Interesting results were obtained with analyses stratifying for BMI, including increased incidence of stroke with highest ASB consumption among the obese and increased risk of all-cause mortality with highest ASB consumption in people with normal weight or overweight. It might be that frequent ASB consumers have started this habit as the result of diabetes mellitus or CVD, or that ASB consumption leads to weight gain as a mediating pathway, indicating reverse causality of the increased risk for frequent ASB consumers.

Limitations of the current study that are stressed by the authors are: the lack of repeated ASB evaluations, and assessment of data on ASB consumption history and weight fluctuations.
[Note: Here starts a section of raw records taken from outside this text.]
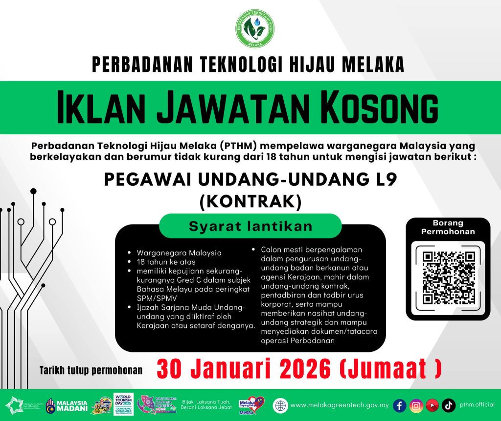 Perbadanan Teknologi Hijau Melaka (PTHM) mempelawa warganegara Malaysia yang berkelayakan untuk mengisi jawatan Pegawai Undang-Undang Gred L9 secara kontrak. Peluang ini sangat sesuai untuk graduan undang-undang yang mempunyai pengalaman dalam tadbir urus korporat, undang-undang kontrak serta pengurusan perundangan di agensi kerajaan atau badan berkanun.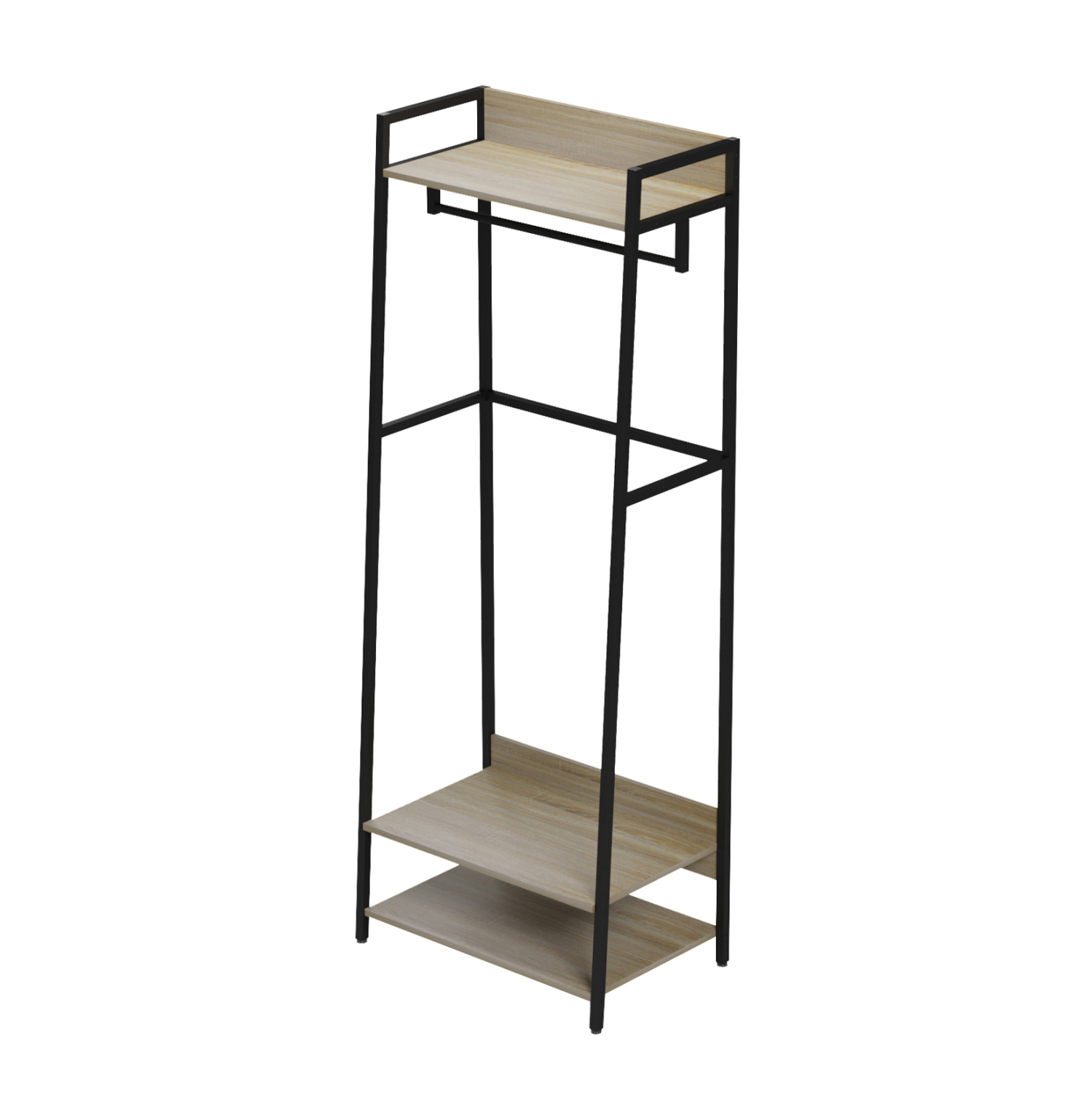 Το επιδαπέδιο έπιπλο εισόδου σε στυλ ανοιχτής ντουλάπας ARANJA συνδυάζει αρμονικά την πρακτικότητα με το industrial στυλ. Διαθέτει 3 στο κάτω μέρος κι άλλο ένα επάνω, ενώ ακριβώς κάτω από αυτό το ράφι υπάρχει μια μπάρα κρέμασης ρούχων. Ο σκελετός είναι μεταλλικός σε ΜΑΥΡΟ χρώμα, ενώ τα ράφια είναι από μελαμίνη σε SONAMA χρώμα.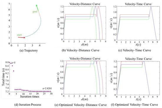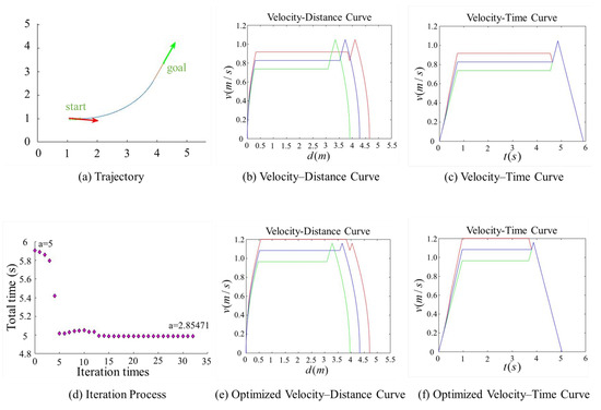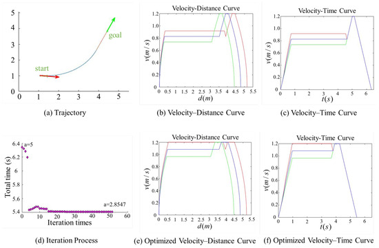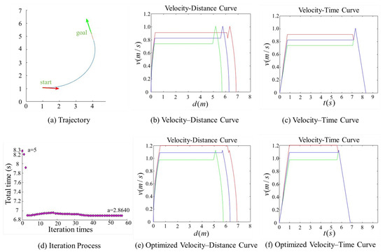 Figure 7, Figure 8, Figure 9 and Figure 10 present comparison graphs of the optimization algorithms under different scenarios, where the distance is measured in meters, the time is measured in seconds, and the speed is measured in meters per second. Due to the strong correlation between the optimization effect and the actual path, the degree of optimization cannot be precisely quantified. Based on the experimental comparison diagram, it is evident that the two-wheel differential robot achieves a higher linear velocity on the optimized trajectory, particularly along the clothoid curve and arc segments, while consistently maintaining high acceleration. Specifically, the initial pose in Figure 8 is consistent with that in Figure 7, while the target position is obtained by shifting the target point in Figure 7 forward by 0.5 m along its orientation. A comparison between Figure 7 and Figure 8 reveals that, due to the shorter straight-line segment in Figure 7, the robot must begin decelerating before reaching the maximum velocity , thus limiting the potential for higher speeds. Although the maximum velocity is still not fully achieved after parameter optimization, both the peak velocity and the average velocity are improved.

Since ‘a single assessment of ASB consumption may not always reflect long-term exposure’, long-term prospective epidemiological studies with repeated dietary assessment are needed to elucidate this bias, characterize individual soda consumption trends in a population, and relate these to patterns of metabolic risk factors and incident vascular events.

Gardener and Elkin conclude that ASB consumption is high and ‘until we have more evidence to better understand who, if anyone, benefits from consumption of ASB, we should emphasize water as the healthiest substitute for SSBs. If ASB consumption is used to wean off SSBs, it should be viewed as a time-limited intermediate in the transition to water and other healthier beverages.’